Calpers Makes Significant Changes to its Stock Holdings
Calpers, the largest public pension in America, has made some major adjustments to its stock holdings, according to a filing with the Securities and Exchange Commission. The pension fund has doubled down on Intel stock, increased its investment in Nvidia, acquired more shares of Walt Disney, and trimmed its position in Netflix. With over $480 billion in assets, Calpers is known for being one of the largest private-equity investors in the world. However, the pension declined to comment on the specific reasons for these investment changes.
Calpers Doubles Down on Intel, Shows Confidence in Chipmaker
In the fourth quarter, Calpers purchased an additional 8.1 million shares of Intel, bringing its total holdings to 16.1 million shares. This move comes despite Intel’s stock experiencing a dip in late January due to disappointing guidance. However, Intel CEO Pat Gelsinger’s purchase of the stock dip may have reassured Calpers about the company’s prospects. It’s worth noting that Intel recently named a new head of artificial intelligence in an effort to compete with Nvidia, a major player in the semiconductor industry.
Calpers Increases Stake in Nvidia Amidst AI Boom
Calpers also boosted its investment in Nvidia by acquiring an additional 1.8 million shares, totaling 7.5 million shares by the end of the fourth quarter. The chipmaker’s stock has skyrocketed by 238% in 2023, and its CEO, Jensen Huang, has expressed optimism for the future. Nvidia’s chips are in high demand, with Meta Platforms planning to own billions of dollars worth of Nvidia chips by the end of this year, and Tesla dedicating over $500 million to Nvidia hardware in 2024. Calpers’ increased stake in Nvidia reflects the ongoing investor enthusiasm for artificial intelligence.

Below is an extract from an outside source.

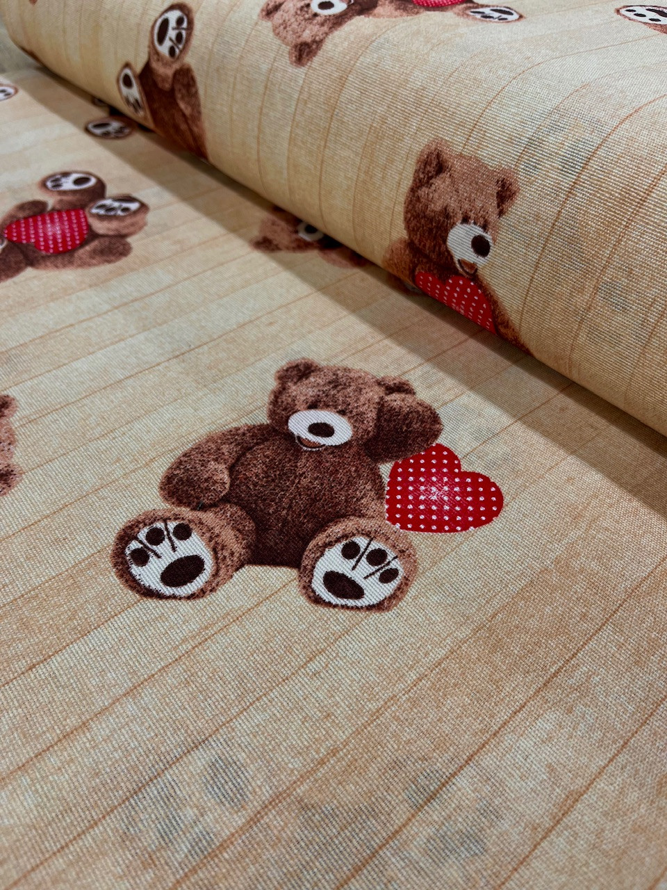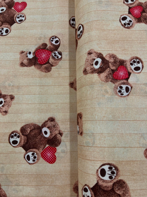 Bézs alapon aranyos mackó és szívecske minta

Disney Secures Calpers’ Confidence with Strong Performance
Calpers acquired an additional 1.7 million shares of Disney in the fourth quarter, increasing its investment to 6.6 million shares. This follows positive earnings reports and an optimistic outlook from the entertainment conglomerate. Disney’s recent announcement, in collaboration with Fox and Warner Bros. Discovery, to create a platform for streaming sporting events has also boosted investor confidence. Despite facing new challenges, Disney’s stock has seen a 20% increase so far in 2024, indicating that Calpers’ faith in the company’s future prospects is well-founded.
Calpers Reduces Stake in Netflix Amidst Competitive Streaming Landscape
In contrast to its increased investments, Calpers decided to trim its position in Netflix, selling 28,464 shares and reducing its overall holdings to 785,855 shares. This move comes as Netflix experiences strong subscriber growth and solid performance in the fourth quarter. However, the streaming giant faces fierce competition from Disney and others in the industry. Despite this, BofA Securities has declared Netflix the winner of the streaming wars, emphasizing the company’s ability to adapt and stay ahead of the game.
Calpers’ Stock Adjustments Reflect Evolving Market Landscape
Calpers’ recent stock trades reflect its efforts to adjust its holdings amidst changing market conditions. The pension fund’s increased investments in chip companies such as Intel and Nvidia demonstrate its confidence in the growing role of artificial intelligence. On the other hand, its decision to reduce its stake in Netflix indicates the competitive challenges faced by the streaming giant. With the evolving landscape of technology and entertainment, Calpers continues to adapt its investment strategy to navigate these changing dynamics.
Analyst comment
Positive news: Calpers doubles down on Intel, increases stake in Nvidia, and acquires more shares of Disney. These investments indicate confidence in the companies’ prospects and positive performance in their respective industries.
Negative news: Calpers trims its position in Netflix. This decision suggests concerns about competition in the streaming industry and potential challenges for Netflix.
Neutral news: Calpers makes adjustments to its stock holdings based on changing market conditions. The pension fund’s actions reflect its effort to adapt and navigate the evolving landscape of technology and entertainment.
Market outlook: Calpers’ increased investments in chip companies and Disney, along with its reduced stake in Netflix, show its focus on the growing role of artificial intelligence and the competitive challenges faced by the streaming industry. The market will likely respond positively to Calpers’ confidence in Intel and Nvidia, but the impact on individual stock prices may vary.